How to Run LLMs from a USB with Llamafile


Piping hot off the virtual presses is llamafile, a new framework that let’s you run Large Language Models (LLMs) on your local machine on a single file. The aim of the project is to make LLMs more accessible and easy to distribute, but to me, the clearest most immediate value is being able to run an LLM off of a USB. This makes them completely portable for use on the go! At the same time, Large Language Models are, well, large. By putting them on a USB, you don’t have to take up a ton of room on your laptop when you want access to an offline chatbot.

This post is a tutorial for a specific use-case designed to be readable for someone who isn’t that technical. If you checked out the repo and you thought, “you know I could still use a little bit of help getting this going,” or maybe you’re new to all this and you’ve never even been to Hugging Face before, that’s okay! This post is for you. So first, let’s talk about our use-case.

You want to:

  1. Run multiple LLMs that are bigger than the storage your computer will allow
  2. Be able to execute your LLMs on a click
  3. Run them on a Linux machine (this will work on other operating systems, but the tutorial is fine-tuned for Linux. If you want me to do step by step for Windows or Mac, let me know and I will!)

What will not be covered are things like GPU acceleration which for now is only supported on NVIDIA GPUs (I run AMD, so that’s that). You don’t need GPU acceleration to run most models, but they will be a little bit slower and eat up a lot of CPU usage. It still works and it’s nice to have.

So with all of that said, let’s get started!

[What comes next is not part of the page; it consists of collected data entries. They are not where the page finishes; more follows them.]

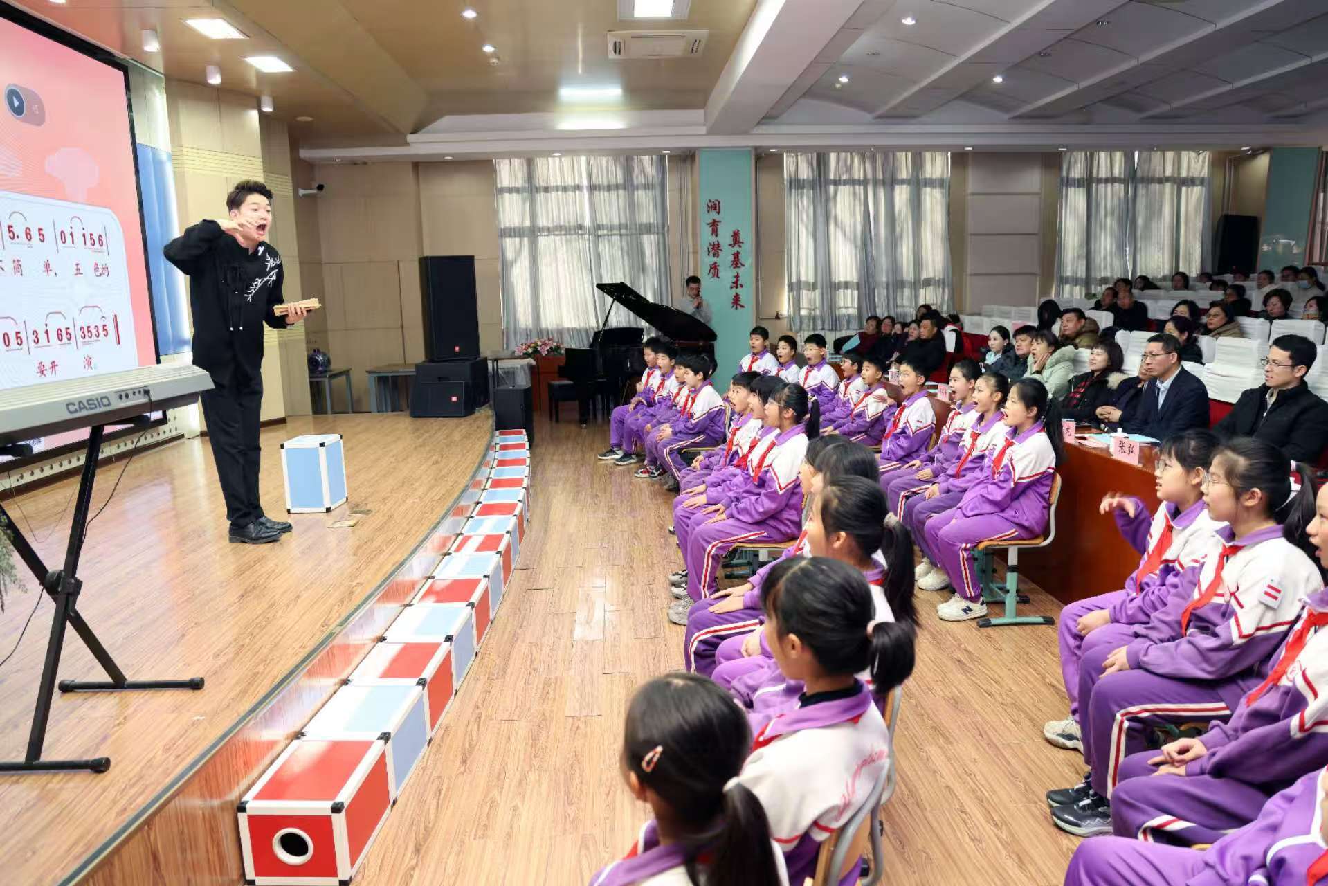美育成果展示環(huán)節中,育嬰里小學(xué)合唱團演繹的《雪花的快樂(lè )》《北方的孩子愛(ài)北方》,以純凈童聲傳遞詩(shī)意與深情;集團師生共同合唱的《送你一朵小紅花》,溫暖而充滿(mǎn)力量,贏(yíng)得全場(chǎng)持久掌聲。這些精彩呈現,正是集團多年來(lái)深耕美育、以美育人的生動(dòng)縮影。
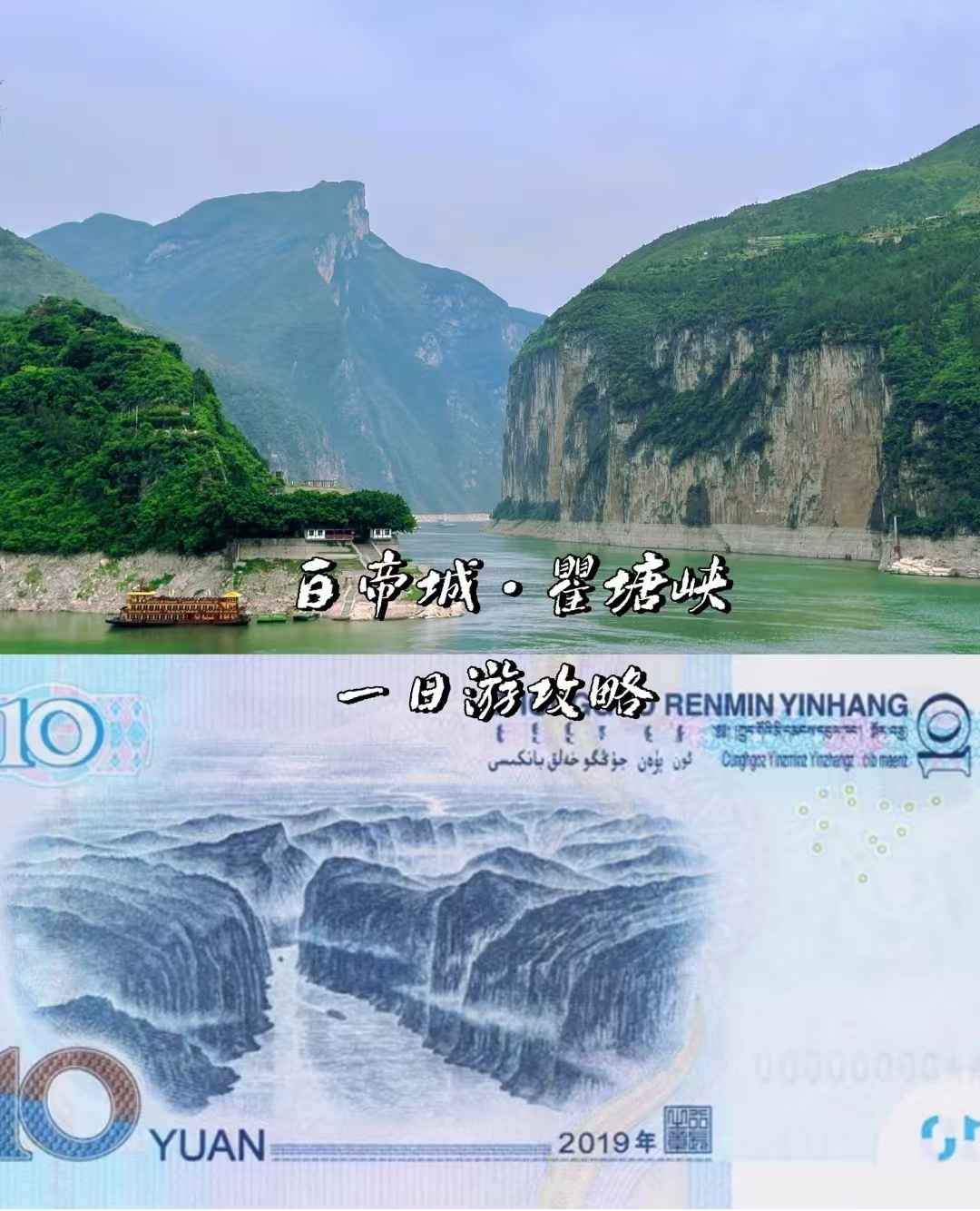 乘车游览10元人民币背景图取景处--夔门 (kuí mén),夔门,又名瞿塘关,两岸高山凌江夹峙,是长江从四川盆地进入三峡的大门。西起重庆奉节县的白帝城,东至巫山县的大溪镇,全长8公里。
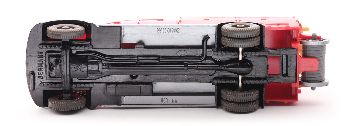 Die zweite Feuerwehrversion des Chassis ähnelt dem Chassis Typ 3 - auch hier ohne Zughaken. Hier nun vorne mit Germany-Gravur. Die vorne halbrunde Aussparung der Kardanplatte ist zu sehen und wird noch nicht von einem kleinen Kasten am Chassis übergriffen. Ansonsten: breite Kardanplatte, die den Blick auf das durchbrochene Chassis verschließt, der hinten offene Chassisbereich hat nach innen einen offenen Kasten, ohne vordere Kupplung. Weiteres Detail: an der Kardanplatte ist die vordere Achshalterung verbreitert worden.
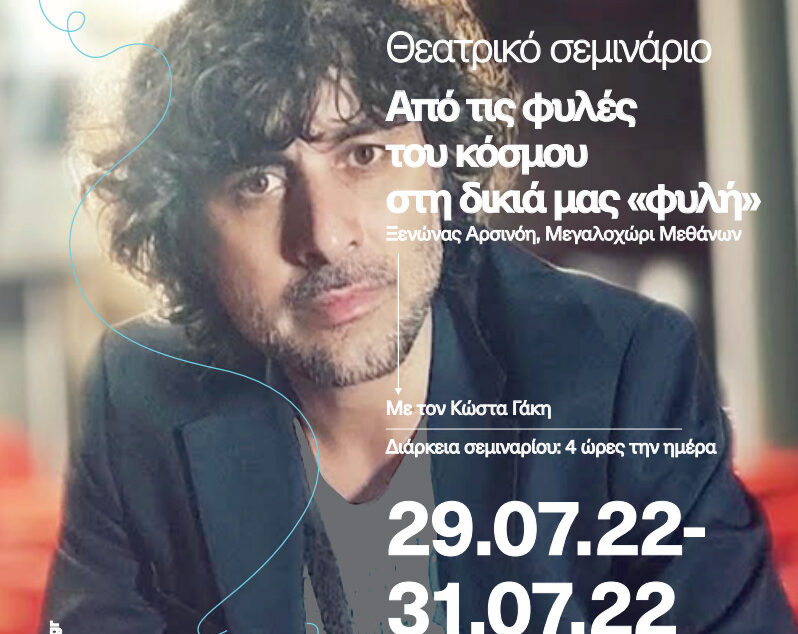 Στις 29-31 Ιουλίου 2022, ο Κώστας Γάκης και ο εκπαιδευτικός και πολιτιστικός φορέας Καθετή πραγματοποιούν τριήμερο θεατρικό σεμινάριο «Από τις φυλές του κόσμου στη δική μας “φυλή”». Θέμα του σεμιναρίου θα είναι η «φυλή» και οι ιστορίες φυλών του κόσμου. Η ομάδα θα επεξεργαστεί θεατρικά ιστορίες από φυλές όλου του κόσμου. Το σεμινάριο απευθύνεται σε ηθοποιούς, μη ηθοποιούς, εκπαιδευτικούς και γενικά σε όποια και όποιον αγαπά τις ιστορίες και την ανθρώπινη ζεστασιά. Θα πραγματοποιηθεί στον ξενώνα Αρσινόη, στο Μεγαλοχώρι Μεθάνων και θα έχει διάρκεια τέσσερις ώρες την ημέρα.
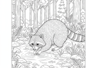 森の小川で手を洗うアライグマのぬりえ【無料ダウンロード】

First of all, you’re going to want Python installed on your machine. You don’t need it unless you truly don’t have enough room on your machine for any one LLM you want to install, but, like I said, these things are large, and I certainly didn’t have enough room.
Also, if you’re on Linux, go ahead and update your apt repositories (it never hurts):

sudo apt-get update
sudo apt-get upgrade

Okay! Your environment is all set up, let’s really get this going!

Plug in your USB

It sounds trite, but this is an important step. After you plug in your USB and ensure it’s mounted properly, open up your terminal and navigate into that directory. If you don’t have enough room on your machine for the models, it’s crucial you perform every other step inside of the actual USB. If you don’t, you’ll run into errors trying to download the models.

Download llamafile

Now that you’re in your USB directory, go ahead and pull llamafile off of github. You can download it and drop it in there, but I recommend curling it:

curl -L https://github.com/Mozilla-Ocho/llamafile/releases/download/0.2.1/llamafile-server-0.2.1 >llamafile


This will download the vanilla llamafile code without any weights. Doing it this way will enable you to more easily use it to run any model you want with it in the future. Besides, I figure if you felt comfortable downloading the binaries and running them directly from the repo, you probably would have just done that. If it worked, inside of your USB, you should find something that looks like this:


Now we just need to make this bad-boy executable. This will be important for later:

chmod +x llamafile


Great! We’re almost there. Now you just need a model to run it with! If you have a machine with a lot of room, you can curl it like you did with the llamafile repo directly off of Hugging Face, but if you don’t, then you can’t. That’s because, even if you are in the USB directory, the curl command will store the file in a local cache before ultimately putting it into your USB drive. If you don’t have enough room on your local machine, the download will fail. This is why I recommended installing python to manage your downloads.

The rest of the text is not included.